End of the episode- George walks into their apartment and reads the same Dear John type letter Jerry had told him not to give Susan earlier in the episode: George. I’m sorry. There’s someone else. I’m really, really sorry.
I feel like it would have been good because it writes Susan out, it references her previously detailed love of Letterman (and the fact that in season 4 george wanted to try to get Dave to help him extricate himself from the relationship), gives Dave a cameo (which he eventually had anyway), and also plays on the fact that Susan ends up using the same crappy, impersonal way of bailing on George that he wanted to utilize at the beginning of the episode.
Yeah see, he calls her “kind and generous and talented” but he’s been slagging her performance (and lack of chemistry) for like 25 years. So maybe I’m wrong and he doesn’t dislike her...but my gut tells me that he wouldn’t be saying that kind of thing if that was the case.
I don't think he hated on her as a person.....he just didn't gel with her on the show. He found he hard to play off of and couldn't stand working with her....heh.
"She was generous and gracious, and I am so mad at myself for retelling this story in any way that would diminish her," -
"I love her. She's a terrific girl. I love her," Alexander said of Swedberg. "I couldn't figure out how to play off her.
"Her instincts for doing a scene, where the comedy was, and mine were always misfiring," -
"If I had had more maturity or more security in my own work, I surely would have taken her query and possibly tried to adjust the scenes with her. She surely offered. But, I didn't have that maturity or security,"
He later admitted it worked out perfectly well that they didn't gel onscreen.....it made it more realistic and awkward which Larry and Jerry probably loved! lol.
Jerry was going to let Ramon, the pool guy who only wanted to be Jerry's friend, die just because he didn't want to give mouth to mouth resuscitation. The main characters were not good people by any metric. That was the joke, which the entire series was based upon.
I liked the Susan character. George was way out of her league. How they wrote her off the show was absurd.
Funny moment- Jerry and Newman both refusing to help. “He night die...” “Yeah. Maybe...”
Always thought Wayne Knight’s delivery there was spot on. Such a clutch performance. Thankfully Ramon didn’t die though or that would have been a lot more morbid.
great exchange with Elaine later when he’s explaining the story:
I don’t know how you can show your face there again.
Oh I can’t. I’m banned for life. Newman too. We can’t go anywhere near there.
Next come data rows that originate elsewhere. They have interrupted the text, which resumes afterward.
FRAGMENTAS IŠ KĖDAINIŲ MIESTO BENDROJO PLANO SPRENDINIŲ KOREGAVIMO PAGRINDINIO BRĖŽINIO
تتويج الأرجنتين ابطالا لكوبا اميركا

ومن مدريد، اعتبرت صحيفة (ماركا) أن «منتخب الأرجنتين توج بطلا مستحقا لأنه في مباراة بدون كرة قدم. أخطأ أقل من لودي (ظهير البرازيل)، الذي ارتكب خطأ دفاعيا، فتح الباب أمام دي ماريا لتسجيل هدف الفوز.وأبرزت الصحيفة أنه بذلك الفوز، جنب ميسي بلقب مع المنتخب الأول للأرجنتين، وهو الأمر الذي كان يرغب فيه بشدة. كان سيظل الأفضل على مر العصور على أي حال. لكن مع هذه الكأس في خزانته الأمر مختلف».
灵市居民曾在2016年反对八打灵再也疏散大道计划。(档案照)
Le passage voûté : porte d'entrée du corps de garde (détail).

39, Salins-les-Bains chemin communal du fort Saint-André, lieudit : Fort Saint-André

It was absurd, particularly because there were many ways to write her off. They had the opportunity with the Cary Elwes/Debra Messing episode.
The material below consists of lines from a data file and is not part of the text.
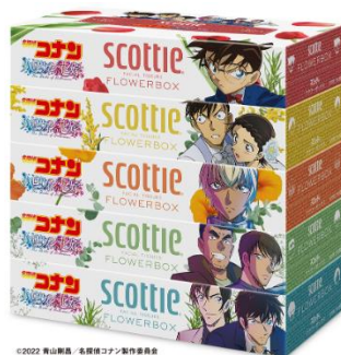
フラワーボックス 5 箱パック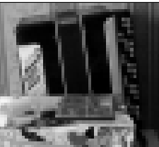
Тиширула бир бирлерине жазган писмоланы бу коробкага атадыла.

Жарышта, бир-бирле ачыкьсы бла да не торленемейдиле. Адамны сыңарчы тегиленике, жаны уа тылпысуз да болды. Ала сокур-сангыраула ушайдыла, айтханлыкъ эшитмейдиле. Алайды да, биз ишибизде да, башхаларда, кыуандырган, жарыштан затлары да бардыла.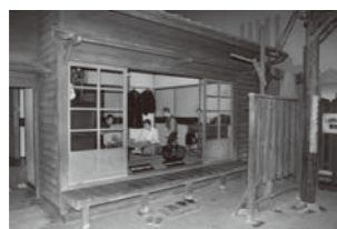
探究館の社宅(約50年前)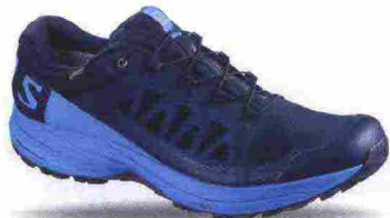
SALOMON XA ELEVATE GTX misure: UK da 6m a 13m - peso: g 310 - prezzo: euro 155,00

Tomaia in Open mesh con protezioni e rinforzi SensiFit termosaldati; membrana Gore-Tex. Allacciatura Quicklace con tasca per le stringhe. Plantare sagomato in EVA. Intersuola con costruzione Advanced Chassis e Profeel Film, in EVA a doppia densità con ammortizzante EnergyCell+. Differenziale 8 mm (17/25). Suola Premium Wet Traction Contagrip. Note del produttore , categoria Salomon: Trail Running.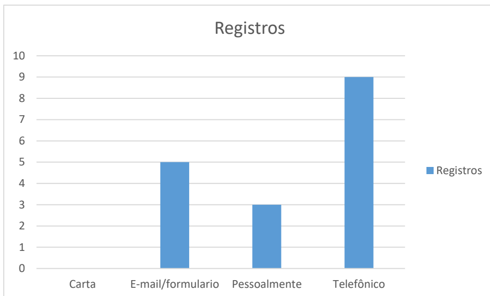
Figura 1 – Formas de contato

Neste período 2 manifestações se referiam a outros órgãos.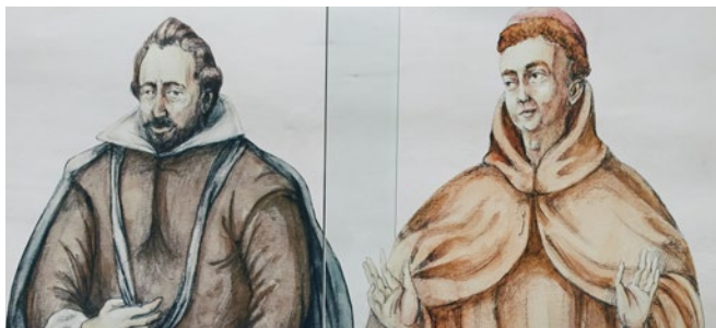
Herzog Wolfgang Wilhelm und ein Franziskanermönch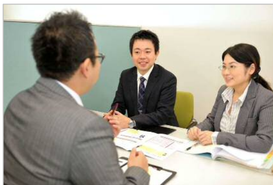
個室型ブースで経験豊富なスタッフが相続の相談に応じる（完全予約制）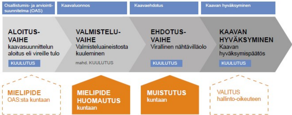
Kuva 2. Osallistuminen kaavaprosessin eri vaiheissa (ELY Opas 5/2016)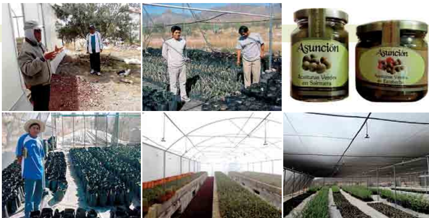
Figura 12. Viveros de plantas de olivo ( Olea europea L.) para venta, ubicadas en la comunidad “El Olivo”, Ixmiquilpan, Hidalgo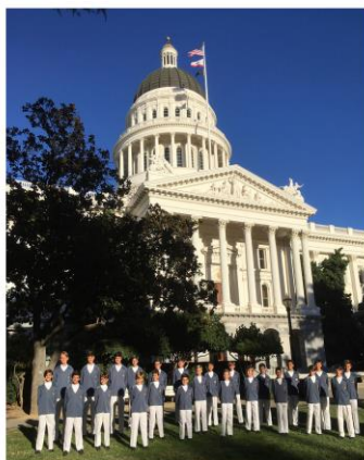
California State Capitol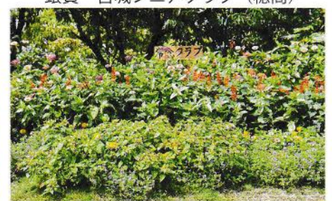
銅賞 常念クラブ (穂高)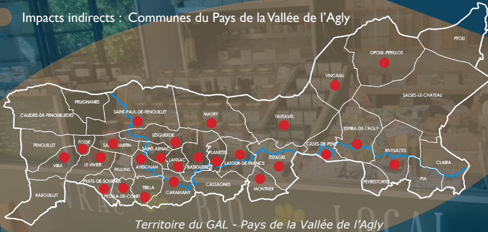
Territoire du GAL - Pays de la Vallée de l'Agly

Impacts indirects : Communes du Pays de la Vallée de l'Agly

“You could have done a lot better than him.”
It was a gamble. The Newman episodes were great. Such a complex individual. The actor playing Ramon was also very funny.
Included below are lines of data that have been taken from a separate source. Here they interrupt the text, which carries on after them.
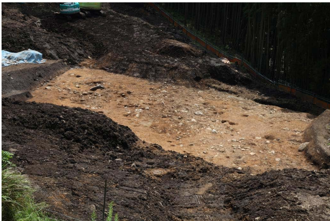
2015 年度調査区 全景その3 (北西から)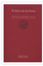
LIBRO DE LAS LETRAS, EL AL FARABI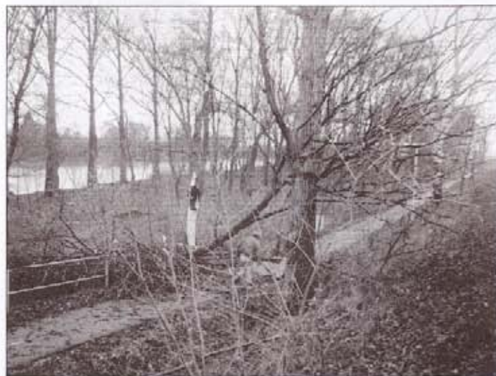
Fák dőltek a kerékpárútra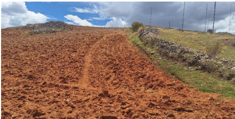
Foto 8. Vista de la remoción de tierra en el área 2 las cuales se encuentran muy próximos a Colcas.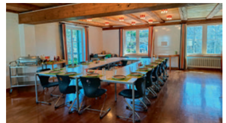
Alles ist bereit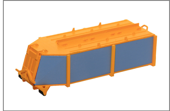
Artikel 1620 006 000-51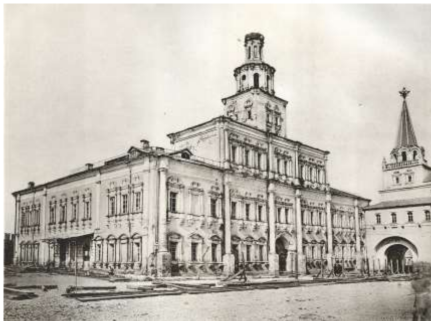
Древнее здание, в котором в 1755 г. был открыт Московский университет

Книга «Ядро российской истории» печаталась в типографии Клаудия Христофора Александровича, который по сведениям А.Ю. Самарина вошел в российскую историю «как владелец «вольной» «Типографии при Театре» (1783–1795) и арендатор (совместно с Х. Ридигером) типографии Московского университета (1794–1800)» ( https://www.makushin.me/past/07/44-47 ).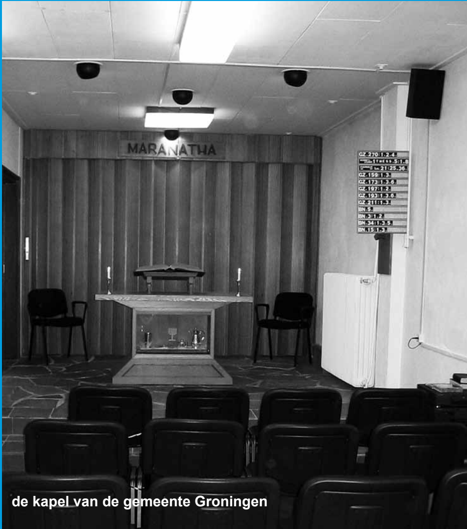
de kapel van de gemeente Groningen

De erediensten worden op zondag gehouden te: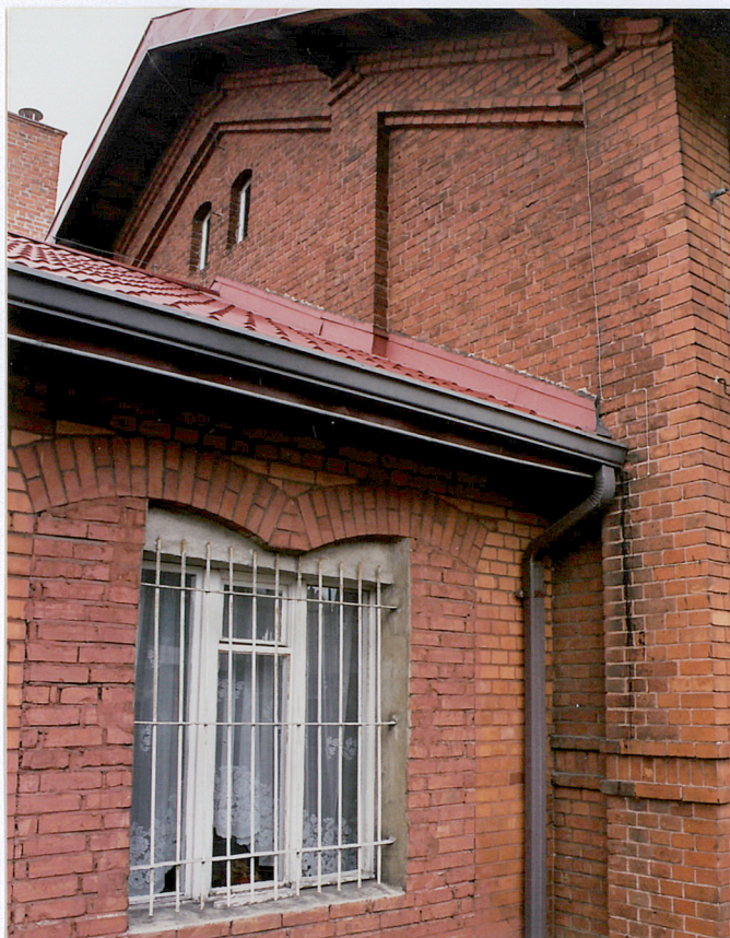
19. Szczyt zachodni i detal łącznika hali z 1903 r., fot. 284/1/2

Many options. You could have had Letterman, or another media celebrity, become a central character for an episode and charm Susan away from George.
It’s a really sickening ending but also hilarious and very human.
Death of friend as a solution to a petty issue reminds me of David Lynch. (And the Clintons)
Also the actor Jason Alexander hated Susan on a personal level and wanted her off the show.
GOAT show.
One of the best measures of whether or not I will like someone is the basic proposition "Seinfeld or Friends".
lol you make a compelling case. Alright he didn't hate her. I guess.